What I figured is it would just be a little device with the tune on it and flash it, like most other mail order tunes. 

Honestly im used to firing my laptop up and plugging into my ecu on other cars and tuning on the fly. 

Either way it would be nice if BNR would indicate that you still need the cable with the budget tune. Just my two cents.


----------



## Jnoobs (Nov 22, 2012)

Understandable but if you read other threads about these tunes on here we all have indicated the need of the cable. With a budget tune I would recommend just renting the cable since you can't datalog. If you have the premium tune than I recommend buying the cable since you have access to doing datalogs


Sent from AutoGuide.com Free App


----------



## CruzeDFB (Mar 3, 2013)

Hmm not to start a issue but they have my $ and I have received zero communication along with other members. 

Jerry hasn't been on since the 15th, hopefully we will start getting communication soon.


----------



## OH2LTRS (Apr 10, 2013)

Maybe he's buried with orders from this sale and trying to get them processed? An email with an approximate delivery date would be good, though.


----------



## [email protected] (Nov 12, 2011)

Yes we've just been extremely busy with all the orders plus trying to set up group buys for things like the VG shark fins. I have ordered all tunes from trifecta and they sent them to me last night so expect your tunes today most likely. Although I am still waiting on 23 tunes to come in so you may be in that next batch. This is common behavior when we do a sale like this as we sell hundreds of tunes in a very short amount of time


Sent from AutoGuide.com App


----------



## TMcDermid (Mar 30, 2013)

Thanks for the update Jerry!


----------



## CruzeTech (Mar 23, 2012)

Just loaded my tune, very nice! I've sent 2 data logs. It feels pretty good now. Can't wait to see how it feels tune corrected. And hopefully on my morning commute tomorrow, I get better gas mileage than he is getting. Says his Eco 6MT is only getting in the low 30s. He data logged and is waiting on his second tune. 


Sent from AutoGuide.com App


----------



## CruzeTech (Mar 23, 2012)

Just drive my 55 mile trip to work, 47.7 average and 49.3 high with the tune. Feels pretty good. It stumbles lightly and when I started it this morning, it had a little rough idle until kick down. 


Sent from AutoGuide.com App


----------



## CruzeDFB (Mar 3, 2013)

CruzeTech said:


> Just drive my 55 mile trip to work, 47.7 average and 49.3 high with the tune. Feels pretty good. It stumbles lightly and when I started it this morning, it had a little rough idle until kick down.
> 
> 
> Sent from AutoGuide.com App


That's a pretty impressive result, Howe the tune now after a few days?

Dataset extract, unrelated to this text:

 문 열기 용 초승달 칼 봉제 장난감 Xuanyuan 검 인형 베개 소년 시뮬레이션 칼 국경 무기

Sent from AutoGuide.com Free App


----------



## CruzeTech (Mar 23, 2012)

The tune is doing really good. I need to check my plug gap. It wants to fall on its face with the tune in Eco mode. I am still waiting on my data logged tune to get back to me. See how it does then. But the boost comes on really strong almost instantly now, and the 2nd gear stall I used to get trying to pull from 1,200 rpm is gone. 


Sent from AutoGuide.com App


----------



## k8busa (Apr 12, 2013)

How long does it take to get the tune file ? I just got the cable but still no tune ?


----------



## TMcDermid (Mar 30, 2013)

k8busa said:


> How long does it take to get the tune file ? I just got the cable but still no tune ?

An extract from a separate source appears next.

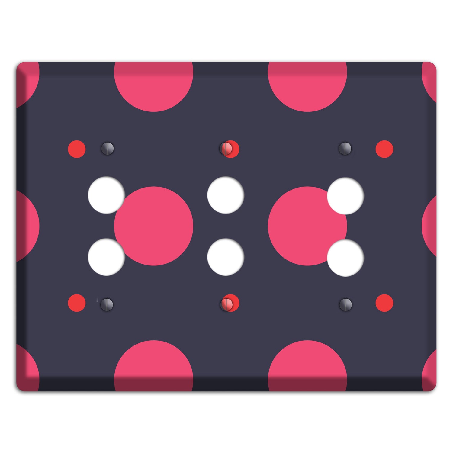 Dark Grey with Fuschia Multi Tiled Medium Dots 3 Pushbutton Wallplate

I got my cable as well and sent out my TCM code. I am currently waiting for my tune as well. I am hoping it is sooner than later =)


----------



## CruzeDFB (Mar 3, 2013)

Hey, I bought the tune a few weeks ago. I have yet to receive it, my car is in the middle of a Lemon Law Case. Am I able to cancel/return my tune since I haven't received it yet?


----------



## [email protected] (Nov 12, 2011)

Yes you need to email us


Sent from AutoGuide.com App


----------



## gula47 (Feb 25, 2013)

****, I missed the sale. Let me know if you are going to run another one.


Thanks
Darrick


----------



## lettschill32811 (Oct 10, 2013)

Yes I wanna know know when the next sale is too!!


----------



## tcbracing (Mar 14, 2013)

I'm interested as well. GM bonus money burning a hole in my pocket ;-)


----------



## got_boost (Sep 29, 2011)

Ahhh it's a resurrection!


Sent from AutoGuide.com Free App


----------



## marden64 (Dec 1, 2013)

I was excited until I seen when the 1st post was made


----------



## hificruzer226 (Mar 27, 2013)

A little sad now


----------



## StreetThisECO (Jul 14, 2013)

I'm ready for their to be another spring sale! I have the cable and have two family members with tunes already. We just bought another Cruze and it is begging for a new tune 


Any word on a new sale soon??


----------



## underwood032 (Mar 4, 2014)

Trifecta Tune 2011-2014 Chevrolet Cruze 1.4L Turbo

$315.00 isn't a sale?


----------



## CHEVYCRUZE RS (Mar 29, 2011)

ahhhh, I thought it said VTuner tunes 20% off....lol


----------